En el anonimato reside la libertad de la opresión: de la personalidad del otro miembro de la pareja y de las exigencias del propio ego. Las vendas en los ojos son tus amigos, que ocultan tu vergüenza y la identidad de tu amante demasiado humano. El sexo anónimo no tiene que ver con evitar nada. Para mí, tiene que ver con una especie de grandiosidad inocua: cuando soy anónima, existo como algo mucho mayor que mis detalles particulares. Me convierto en un arquetipo, un mito, una diosa de Joseph Campbell que se abre de piernas para beneficio de toda la humanidad hasta el fin de los tiempos. Esta generosidad imaginaria me reporta los orgasmos más intensos.

Un heroico pilonero se acercaba, me comía, muy, muy despacio, retándome a no correrme. A veces yo aguantaba más de una hora. Es maravilloso estar en la posición de intentar resistirse, no de rezar para correrse. Él deseaba una cosa en especial: lamerme el culo. Vale, decía yo, adelante. Pero no sólo me lamía el culo, me follaba el culo con la lengua, algo de verdad impresionante; hasta la fecha nunca había sentido una lengua a tal profundidad. Él no se quitaba la ropa, y tenía el buen gusto de no besarme en la boca.

Sin embargo, existe un riesgo con los piloneros. A veces, pierdo mi respeto cuando un hombre se muestra tan deseoso de lamerme el coño que sé que se entrega a la necesidad de complacerme más que a su verdadero amor por el coño. Eso me incomoda. La intención lo es todo, y yo la siento en el clítoris. Para mí, es más importante que un hombre ame el coño en general que el mío en particular. Al fin y al cabo, si le gustan todos en su conjunto, el mío es un tanto en su haber. Pero si a un hombre sólo le gusta el mío y no todos los demás…, en fin, sencillamente no me fío de él. Con esa clase de hombres he aprendido a guiar mi orgasmo con la fantasía, y, al igual que él, jugar al juego de la utilización. Mientras lame furiosamente, entregándose a su codependencia, repaso en mi agenda a todos los hombres que he conocido, todos presentes entre el público, sus erecciones perforando el aire, observando a éste mientras pasa la lengua por el altar que todos ellos aún codician. Siempre me surte efecto.
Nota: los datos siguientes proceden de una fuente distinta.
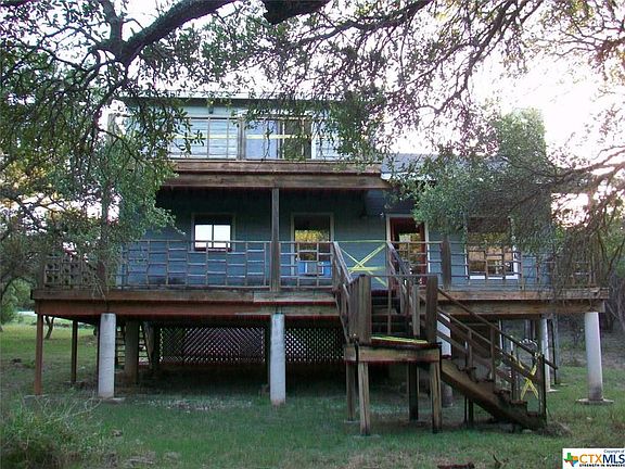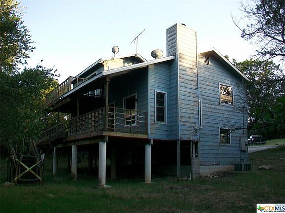 Canyon Lake Fixer Upper. Cash or Conventional purchasers. House needs attention to past deferred maintenance items & remodel. Larger items include: Paint in & out, hvac, wood rot, appliances, several broken windows. Wooden deck, balcony & stairs need repairs. Bottom level floors are not insulated. Will not qualify for first time home buyer financing. Multi-level, elevated, 3br/2ba residence that has the kitchen, dining, living & deck on the main level, mid-level has 2 bedrooms & a bath & upper level has a bedroom, bath & balcony. Ground level has attached storage. Large detached storage also present. Land includes 3 additional lots and totals approx. .954 acre, sits in a cul-de-sac and backs up to a greenbelt. Nice & quiet location. Surround yourself in nature. Close to Rebecca Creek boat launch and up the Guadalupe River from Canyon Lake. Neighborhood Hoa offers low cost for access to parks, pool, pond, basketball & tennis courts & civic center rental.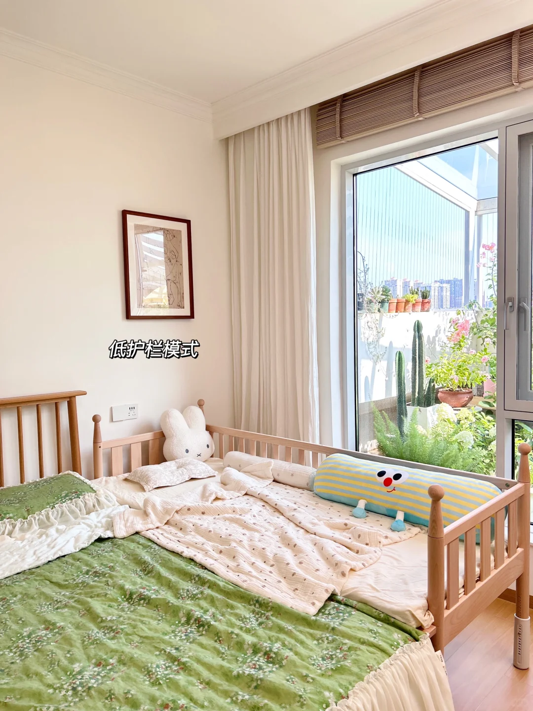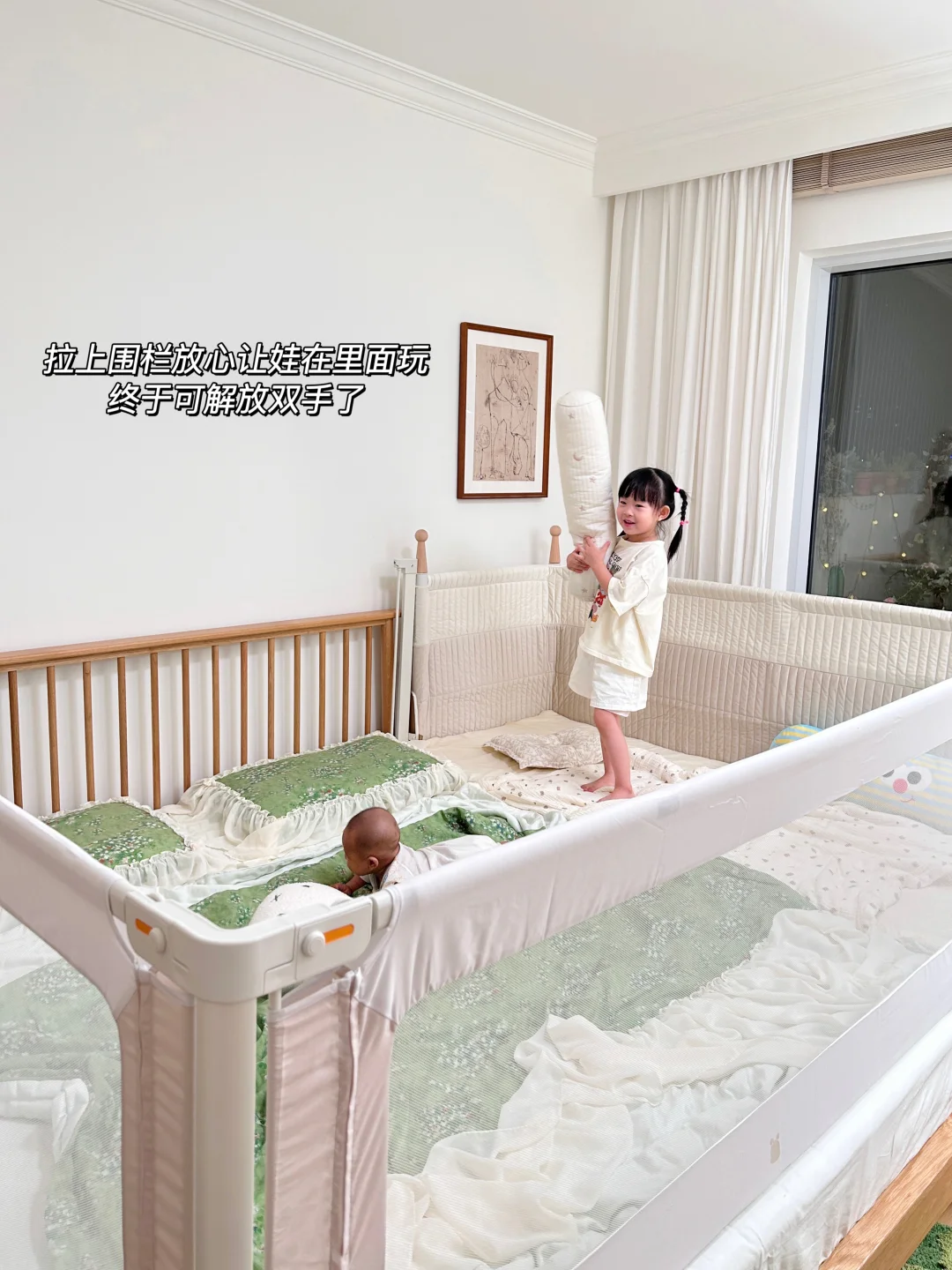 娃会爬之前用低护栏,不挡宝宝视线,爸爸妈妈抱娃、放睡都很方便!还可以当学龄前宝宝的分床神器!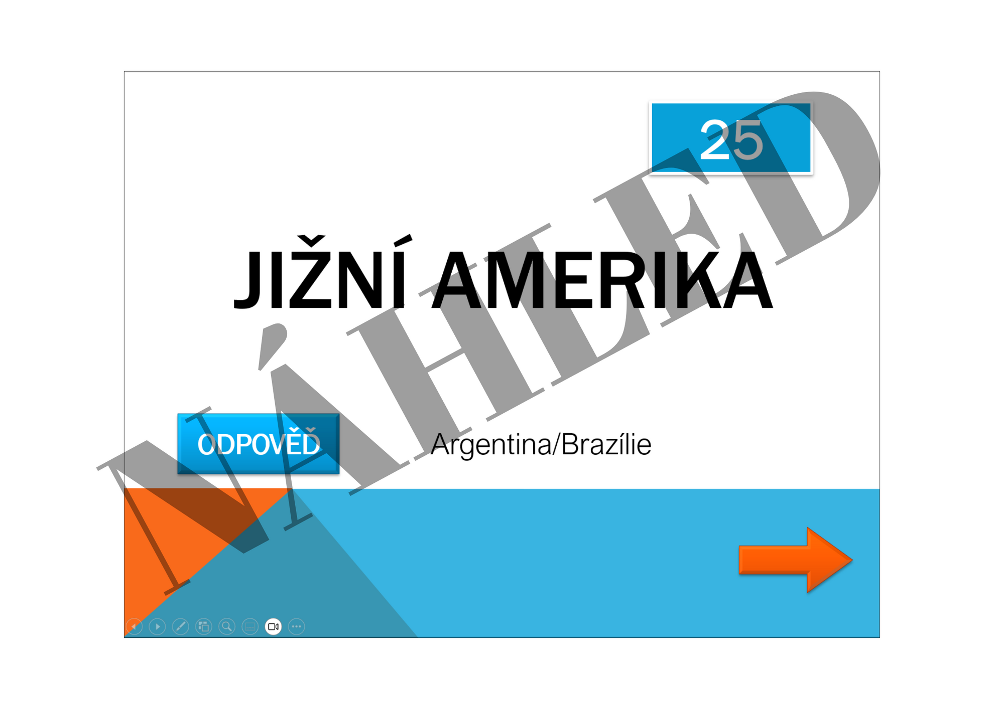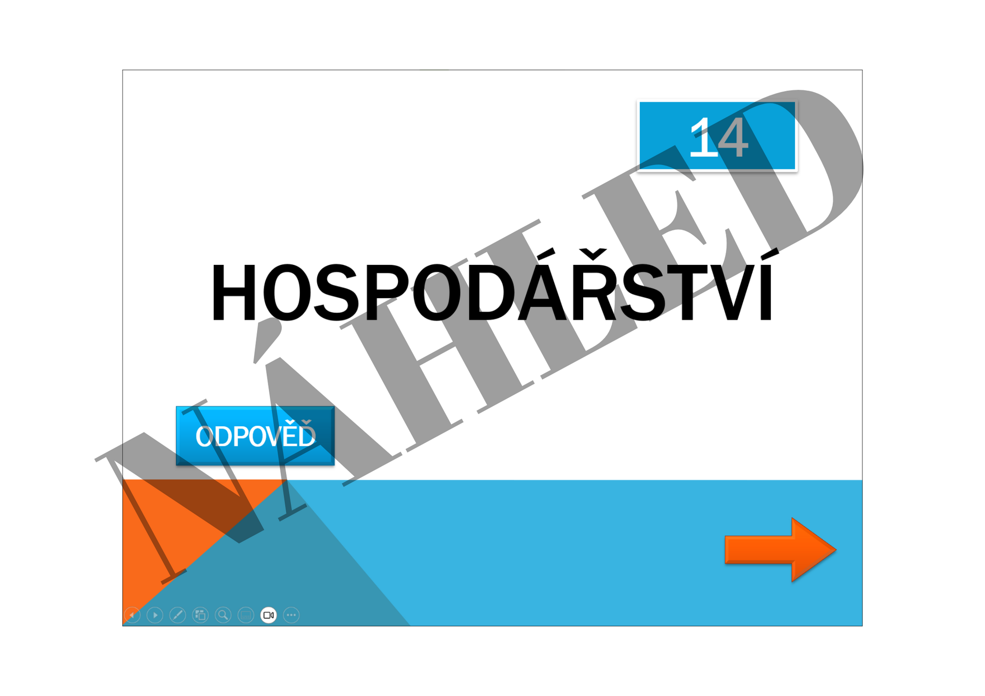 Prezentace obsahuje klasická políčka, na která když kliknete, dostanete se na snímek s číslem otázky a tematickým okruhem, ze kterého vyučující otázku pokládá. Odpověď se zobrazuje přímo v prezentaci po kliknutí na příslušné tlačítko. Po navrácení se od konkrétní otázky k políčkům, je možné políčka obarvit oranžovou nebo modrou barvou.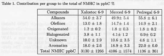 Table 1 shows the content of each type of organic groups at the three sites. Total volatile aromatic compounds accounted for 18 to 22% of the total NMHC, In average, La Merced was the most polluted area followed by Xalostoc. Pedregal had concentrations lower than one third of the other two sites, although it presented the highest percentage of aromatic compounds of the total NMHC.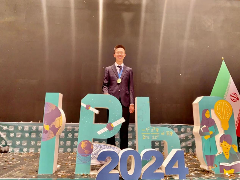 浙江省温州中学学生金树雨在2024年第54届国际物理奥林匹克竞赛颁奖现场。(温州中学供图)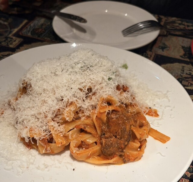 パスタは手打ちのフェトチーネに牛すじ肉の赤ワイン煮トマトソース、チーズを卓上でたっぷりかけていただいて。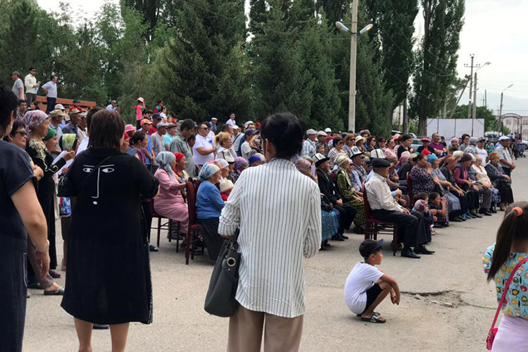 Катышуучулардын айтымында, 300гө жакын киши чогулду. Алар Сапар Исаковду эркиндикке кое берилишин талап кылышууда. Митинг айыл өкмөтүнүн имаратында өтүүдө.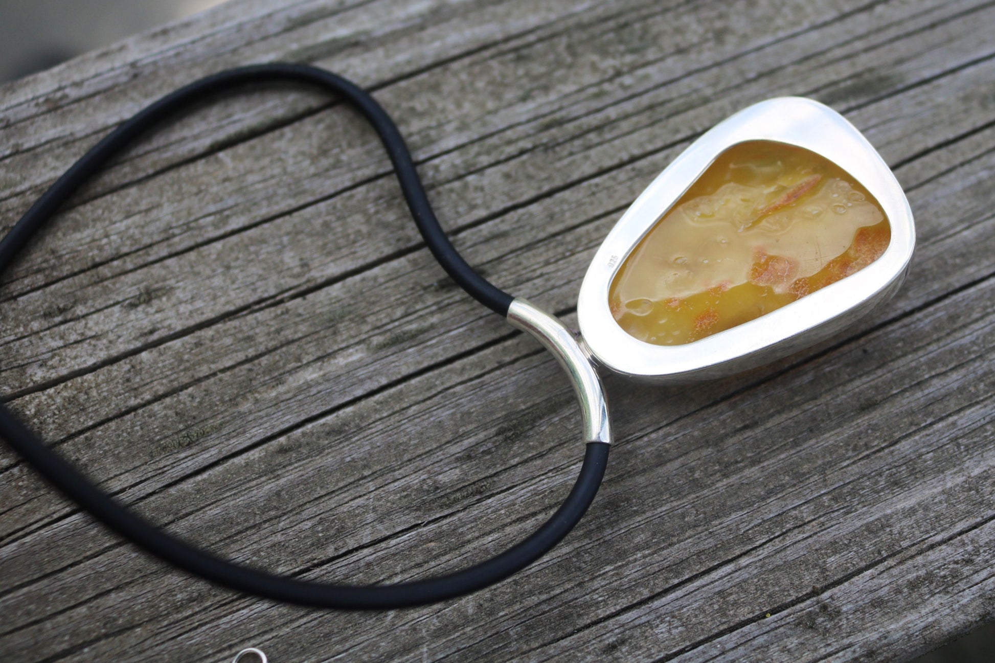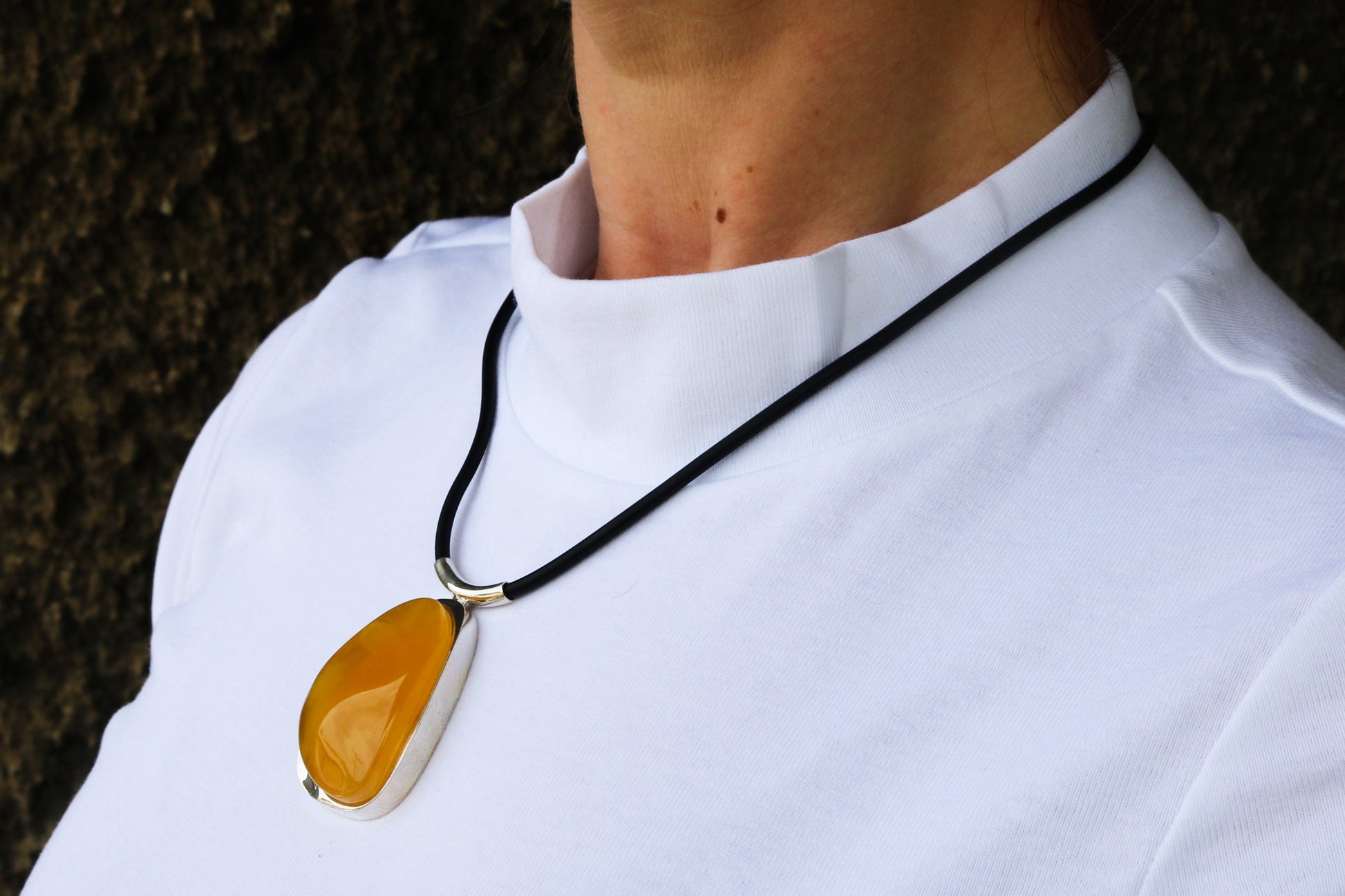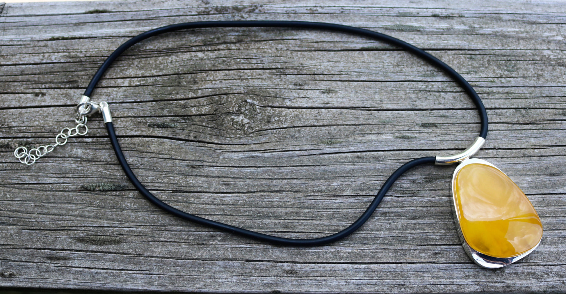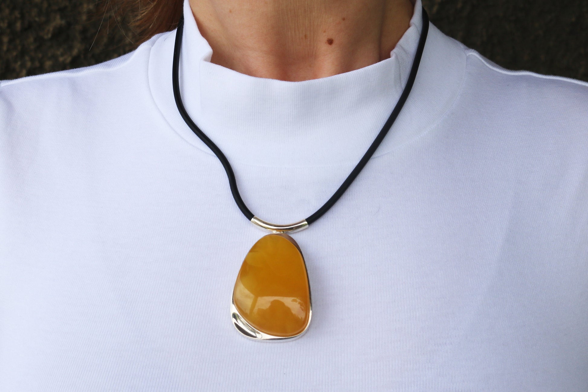 Baltic Amber Choker Pendant Butterscotch Necklace Cord Adjustable Natural Untreated Jewelry 28 gram 925 Silver

Es mi altruismo, no mi narcisismo, lo que fomenta esta fantasía. Al fin y al cabo, un hombre puede adquirir grandes conocimientos en la fuente del orgasmo de la mujer: cómo reducir la velocidad, acelerarla, ser constante, ser variado, ser insistente, ser imprevisible, ser paciente, ser escandaloso, ser generoso, ser ingenioso. De hecho, no hay nada de valor, en sentido filosófico y práctico, que no pueda aprender si es capaz de convertir el delta de Venus en el Vesubio.

La mayoría de los hombres lamen y chupan y beben un coño, y no me quejo. Pero raro es el hombre que lo hace con toda la conciencia puesta en la lengua. Es esta conciencia la que conmoverá a una mujer; cuando la conciencia de ella —en su clítoris— se encuentra con la de él, el orgasmo señala su unión. En última instancia, es aquí —o más bien allí abajo— donde un hombre aprenderá a ser ganador o perdedor, tanto con las mujeres como en la vida.